● Task description:
Quote all lines below exactly. Images stay out.

(Supplied data)

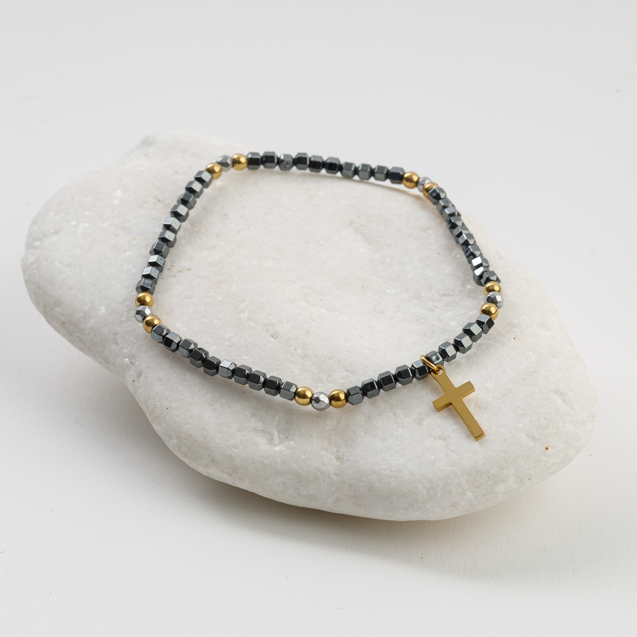 wzór: koraliki z krzyżykiem ze stali nierdzewnej
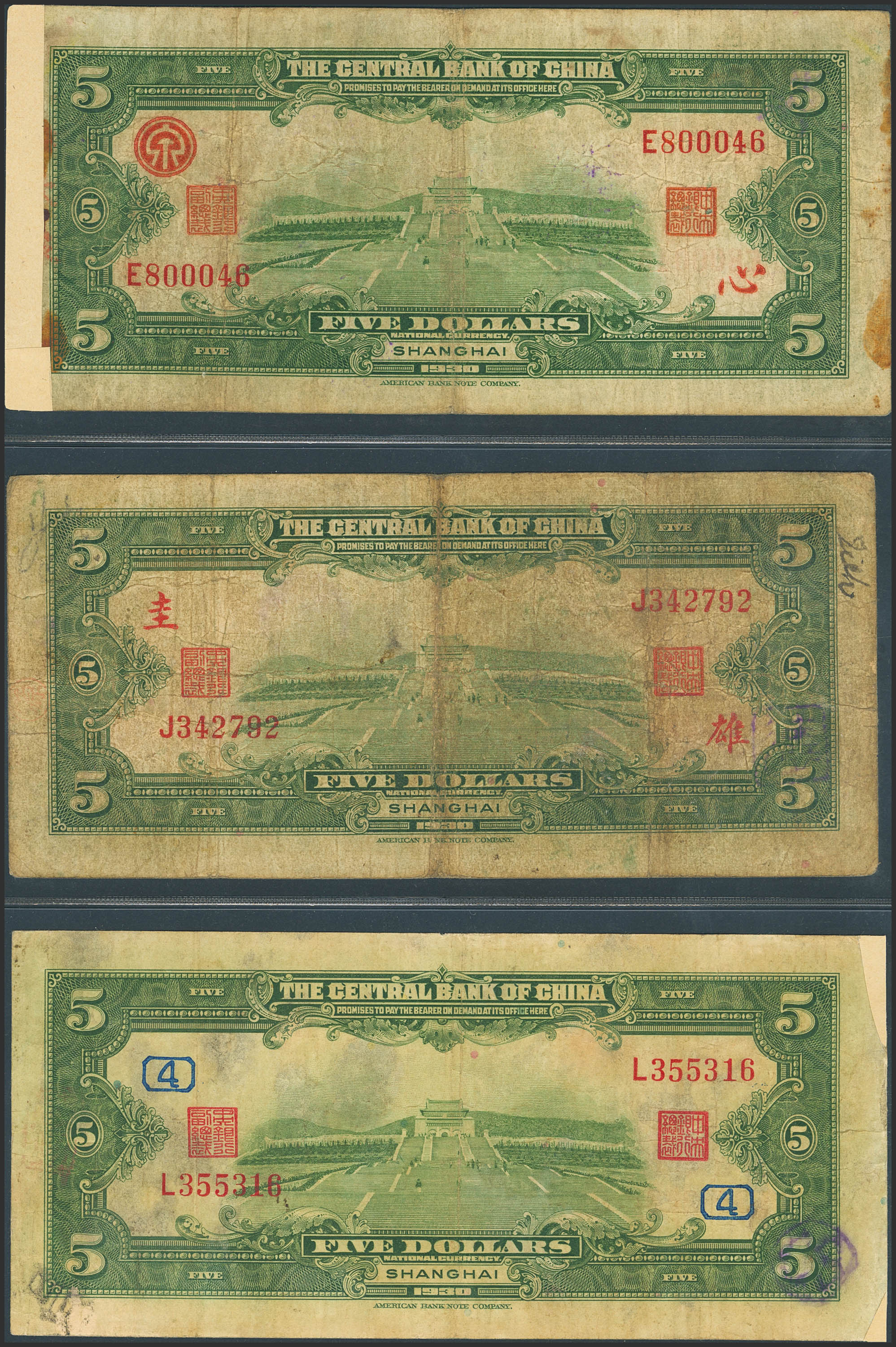 CHINA. Lot of 3 notes of 5 Dollars. 1930. Central Bank of China. (Pick: 200a). Paper affixed in areas where paper is missing. Fine.
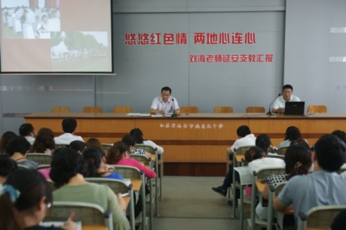 2010至2011学年度,市北高中教师刘海奔赴延安第一中学进行了为期一年的支教工作。9月13日,刘海老师以自己的真情实感为市北高中全体教师作了题为《悠悠红色情、两地心连心》的总结报告。
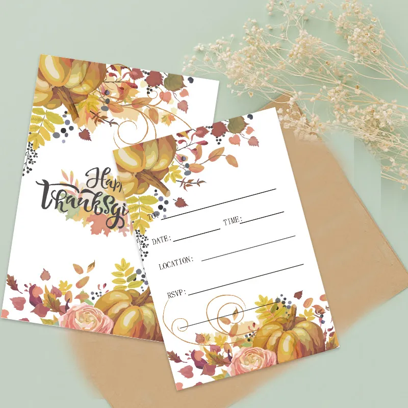 Lot de 10 cartes d'invitation recto verso en forme de feuille d'érable et de citrouille

(End Supplied data)

● Expected output:
 wzór: koraliki z krzyżykiem ze stali nierdzewnej
 CHINA. Lot of 3 notes of 5 Dollars. 1930. Central Bank of China. (Pick: 200a). Paper affixed in areas where paper is missing. Fine.
 2010至2011学年度,市北高中教师刘海奔赴延安第一中学进行了为期一年的支教工作。9月13日,刘海老师以自己的真情实感为市北高中全体教师作了题为《悠悠红色情、两地心连心》的总结报告。
 Lot de 10 cartes d'invitation recto verso en forme de feuille d'érable et de citrouille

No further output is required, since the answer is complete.